**Provided information**
☆ ☆ ☆ ☆
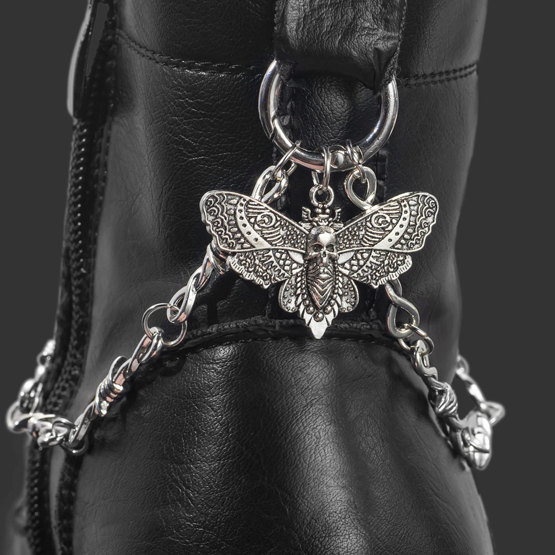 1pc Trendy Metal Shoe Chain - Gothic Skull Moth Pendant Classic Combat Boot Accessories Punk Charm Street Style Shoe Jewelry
☆ ☆ ☆ ☆
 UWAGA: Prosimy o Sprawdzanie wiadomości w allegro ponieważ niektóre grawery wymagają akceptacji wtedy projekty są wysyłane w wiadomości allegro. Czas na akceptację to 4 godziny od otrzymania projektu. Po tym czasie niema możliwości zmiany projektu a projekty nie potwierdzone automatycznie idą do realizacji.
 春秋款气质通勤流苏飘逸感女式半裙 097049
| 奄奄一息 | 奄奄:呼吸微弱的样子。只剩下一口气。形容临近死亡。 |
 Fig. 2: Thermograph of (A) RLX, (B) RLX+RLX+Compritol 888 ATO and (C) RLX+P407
☆ ☆ ☆ ☆
**Activity**
Using the data above, transcribe the lines that run from the line with "春秋款气质通勤流苏飘逸感女式半裙 097049" to the line with "Fig. 2: Thermograph", both ends kept, and output nothing else.

**Exercise result**
 春秋款气质通勤流苏飘逸感女式半裙 097049
| 奄奄一息 | 奄奄:呼吸微弱的样子。只剩下一口气。形容临近死亡。 |
 Fig. 2: Thermograph of (A) RLX, (B) RLX+RLX+Compritol 888 ATO and (C) RLX+P407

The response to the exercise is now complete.